И вот еще по чему я скучала — по его колкостям. Как в тот раз, когда, проходя мимо человека, выкрикивавшего: «Всем — равная оплата!», Джеральд прошептал мне: «Готов спорить, что у него самого ни гроша за душой». Или как тогда, когда настал мой черед забирать на каникулы карликовых песчанок, а те, пока я несла их домой в клетке, сгрызли мой табель до последнего словечка. Мама сделалась мрачнее тучи. Наверняка решила, что я специально сунула коричневый конверт зверькам в клетку, чтобы те его слопали. Она готова была мне уши надрать, но Джеральд перехватил инициативу и насмешливо предложил продать всю клетку в штаб Движения за ядерное разоружение — как эффективное и экологически чистое средство, заменяющее машинку по уничтожению бумаг.
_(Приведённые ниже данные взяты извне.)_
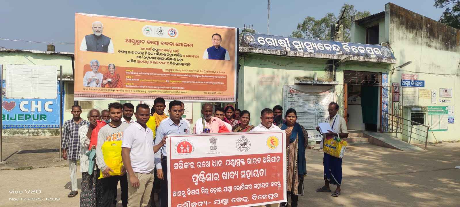 ପ୍ରଧାନମନ୍ତ୍ରୀ “ଯକ୍ଷ୍ମା ମୁକ୍ତ ଭାରତ ଅଭିଯାନ” ଅନ୍ତର୍ଗତ ବିଜେପୁର ଗୋଷ୍ଠୀ ସ୍ୱାସ୍ଥ୍ୟକେନ୍ଦ୍ରରେ ଚିକିତ୍ସାଧୀନ ଥିବା ଯକ୍ଷ୍ମା ରୋଗୀମାନଙ୍କୁ ପୌଷ୍ୟ ଗ୍ରହଣ କରି ସହାୟତା କରିବା ଉଦ୍ୟମ ସତରେ ଏକ ସ୍ୱାଗତ ଯୋଗ୍ୟ ପଦକ୍ଷେପ। ଏଠାରେ କାର୍ଯ୍ୟରତ ସ୍ୱାସ୍ଥ୍ୟ କର୍ମୀ, ଯକ୍ଷ୍ମା ବିଜେତା, ସେଚ୍ଛାସେବୀ, ଆଶା ଦିଦି ସମୁହ ଓ କଲେଜ ଛାତ୍ରୀମାନେ ଏଥିପାଇଁ ପୌଷ୍ୟ ଭାବେ ଆଗକୁ ଆସି ରୋଗୀମାନଙ୍କୁ ପୃଷ୍ଟିକର ଖାଦ୍ୟ ଓ ଆବଶ୍ୟକ ସାମଗ୍ରୀ ଯୋଗାଇ ମାନବିକତାର ଉଦାହରଣ ସୃଷ୍ଟି କରିଛନ୍ତି। ଏହି ଉଦ୍ୟମରେ ସ୍ୱାସ୍ଥ୍ୟ ପରିଦର୍ଶକ ପୁରୁଷ ଅମିତ କୁମାର ସାହୁ, ରଂଜିତ ବେହେରା, ନବ କୁମାର ବାରିକ, ସ୍ୱାସ୍ଥ୍ୟ ପରିଦର୍ଶିକା କବିତାଞ୍ଜଳୀ ଦାଶ, ସଂଯୁକ୍ତା ଷଢ଼ଙ୍ଗୀ (ଅବସର ପ୍ରାପ୍ତ ସ୍ୱାସ୍ଥ୍ୟ ପରିଦର୍ଶିକା), ବହୁମୁଖୀ ସ୍ୱାସ୍ଥ୍ୟ କର୍ମୀ ସ୍ମୃତିମୟୀ ପଣ୍ଡା, ନିୟତି ଗିରି, ହେମଲତା ମିଶ୍ର, କୁନ୍ତଳା ମହାଳିକ, ସୁଜାତା ପଧାନ, ଜୟକୁମାରୀ ବିଶି, ଅଞ୍ଜୁଲତା ଦାଶ, ସୂବଲୟା ସା, ବିଜୟିନୀ ସି, ମନ୍ଦାକିନୀ ସାହୁ, ଗୋଷ୍ଠୀ ସ୍ୱାସ୍ଥ୍ୟ ଅଧିକାରୀ ଶକୁନ୍ତଳା ବରିହା, ଉମାକାନ୍ତ ସାହୁ, ସୁନୀତି କୁମ୍ଭାର, ସ୍ମିତା କବିତା ଲୁଗୁନ, ତପନ କୁମାର ସାହୁ, ତାରାଚାନ୍ଦ ମେହେର, ରକ୍ତ ପରୀକ୍ଷକ ପ୍ରଦୀପ କୁମାର ରାଉତ, ବାସନ୍ତୀ ବାରିକ, ରାଜେଶ ପ୍ରଧାନ, ଅନିତା ବିଶି, ବ୍ଲକ ଡାଟା ମ୍ୟାନେଜର ନାରାୟଣ ପାଢ଼ୀ, ବ୍ଲକ MRA କ୍ଷୀରୋଦ୍ର ସାହୁ, Nirmal Supervisor କୁନା ମେହେର, ଯକ୍ଷ୍ମା ବିଜେତା କୈଳାଶ ଭୁଏ, ପ୍ରମୋଦ ମେହେର, ପ୍ରେମାନନ୍ଦ ଗୁରୁ, ଆଶା ଦିଦି ସାବିତ୍ରୀ ମେହେର, ଭୂମିସୁତା ପଧାନ, କଦମ୍ବାନୀ ଲୁହାଙ୍କ ଯୋଗଦାନ ଉପସ୍ଥିତ ସମସ୍ତ ଯକ୍ଷ୍ମା ରୋଗୀ ମାନଙ୍କୁ ଖାଦ୍ୟ ସମୂହ କିଟ୍ ବ୍ୟାଗ ପ୍ରଦାନ କରିଥିଲେ। କଲେଜ ଛାତ୍ରୀ ପୁନମ ପାଇକ ମଧ୍ୟ ପୌଷ୍ୟ ଭାବେ ଯୋଗଦେଇ ଯୁବପୀଢ଼ା ପାଇଁ ଏକ ପ୍ରେରଣା ସୃଷ୍ଟି କରିଛନ୍ତି।

Мама прыснула со смеху — и я была спасена.

Да он не только меня спасал! Я не забыла тот страшный воскресный вечер, когда Джуди вдруг спохватилась, что забыла выучить стихотворение на тему «Зима», которое должны были спрашивать на первом уроке в понедельник. А библиотека уже была закрыта.

Джуди, чуть не плача, в отчаянье металась по дому, умоляя нас бросить все дела и твердя: «Ну, придумайте же что-нибудь!» Ведь кто-то должен помнить стихотворение о зиме — достаточно короткое, чтобы она успела выучить его к сроку.

И добрый старина Джеральд вздохнул, отложил газету, сел на диван и задумался. Вдруг в его глазах блеснул огонек — вспомнил! Он встал, взялся за лацканы пиджака, как член городского совета в телесериалах, и торжественно продекламировал самое короткое стихотворение, какое смог выудить из своего культурного прошлого:

Дамы и господа, Вот мой вам совет: Плюх попой на лед — И с горки в момент.

Джуди решила, что это самое смешное стихотворение, которое она когда-либо слышала. Она так смеялась, что и думать забыла о своих страхах, а потом смогла к утру выучить целиком «Когда сосульки на стене» (оказалось, что старина Джеральд помнил и его тоже).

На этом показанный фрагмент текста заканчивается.